On the subject of women dressing up, I always wonder why. Why? Why is it so important for women to think, "Oh, this is my chance to glamor it up."? You should be there for the show, for the chance to see a great band play great music, not show off your looks. I hate to break your narcissistic bubble, but no one is there to see you, your hair, or your "painted camouflage". Is wearing nothing but a corset really standard women's wear? What do you think is the intent in donning that, hm?
#159 - Posted 11/30/12 @1:03PM by oriongal [contact]

Don't get me wrong, I don't care at all about anyone drinking at a show. It just confuses me when it seems like the drinking is actually more important *than* the show, especially when you're up at the front. Why pay for premium seats and then spend so little time at them? (can't say 'in them' since few on the floor actually sit during a show, however little they are into it they do usually at least remain standing). I just don't get that, I don't get why anyone would bother to pay that much for a show and then not get as much from it as they possibly could. If you're not that into it in the first place, why not go for cheaper seats? If you're not going to watch the whole show, why does it matter to you to be that close?

That's what I find confusing - row-jumping by a dedicated fan is a lot easier to understand than that is, that's all I was trying to say. The band at least does get something positive out of an enthusiastic fan who moves up as well - all they get out of people who spend more time away from their seat than at it is really just the price of the ticket. I can kinda see Neil's point about 'rotisserie' seating, even though as a fan I'd absolutely hate being shuffled back after scoring a close's just so much more fun for them when the people they can easily see are clearly jazzed to be there and are excited about the show/music even if they're only staring up in wonder and amazement the whole show. They put so much effort into every show, every single time, that I just cannot imagine being more interested in scoring another beer than in absorbing every moment of the show that I possibly can. I just don't want to miss any of it, and it kind of boggles my mind a little that anyone would pay those kinds of prices if they aren't as into it as I am. I guess I just don't see the point in that. :)
#158 - Posted 11/30/12 @12:37PM by ervnos [contact]
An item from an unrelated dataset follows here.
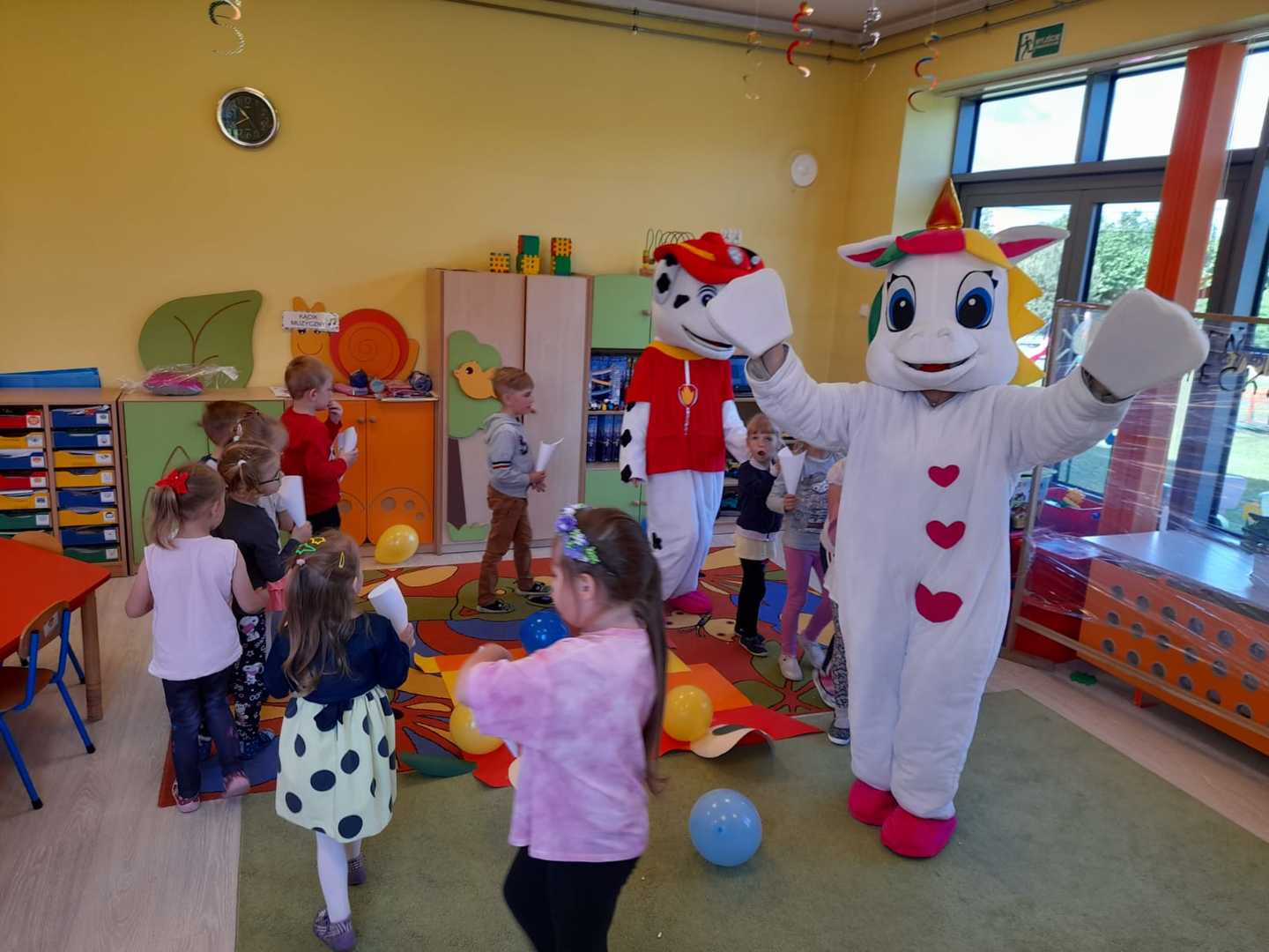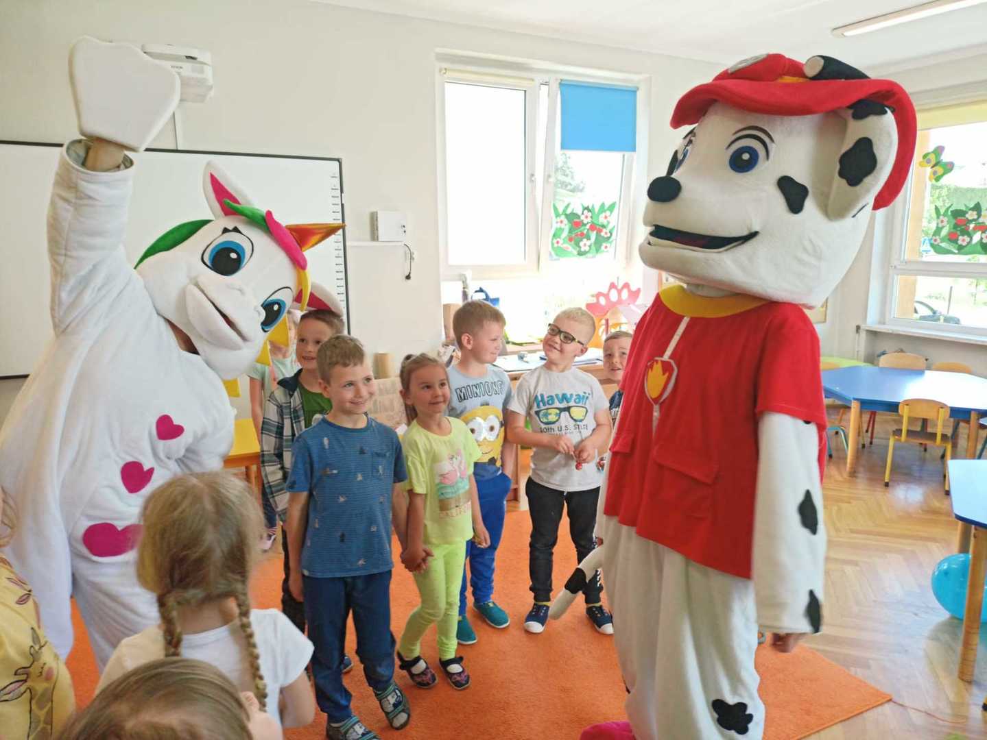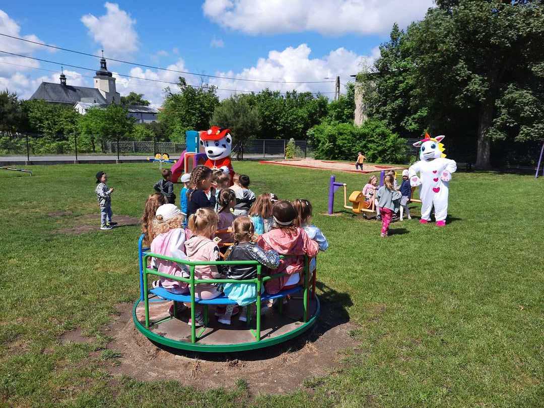 To oczywiście nie były jedyne atrakcje tego dnia. Po wspólnej zabawie dzieci odwiedziły bajkowe postacie z którymi oprócz wspólnej zabawy mogły skosztować popcornu, lodów. Towarzyszące w tym dniu okrzyki radości na pewno świadczyły o dobrej zabawie.

In Anaheim we saw a guy jump over like 5 or 6 rows, past us in the 4th row, and try to end up in the front during "2112". Because he was pushing people, a multitude of fans pointed him out to security and they booted his butt out of our section. He definitely got what he deserved.

I can't speak for other instances of moving up, except for the self described 4'11" woman who was behind the 6'4" guy, in Newark. I don't think anybody got mad when she moved up a couple of rows, but she asked first. If you don't disrupt me, I won't notice you. If you are a horse's ass and take video or dance drunkenly against me, that will be a problem.

I think both security and the row jumpers are responsible. Saw that in San Diego in 2011, and Holmel NJ in 2008. I'd rather stand in a section with mellow fans than crazy drunkards any day. I don't care about the beer drinkers so long as they don't spill on me. It's their money, $10 or $12 for a beer or something like that? Their hangover too.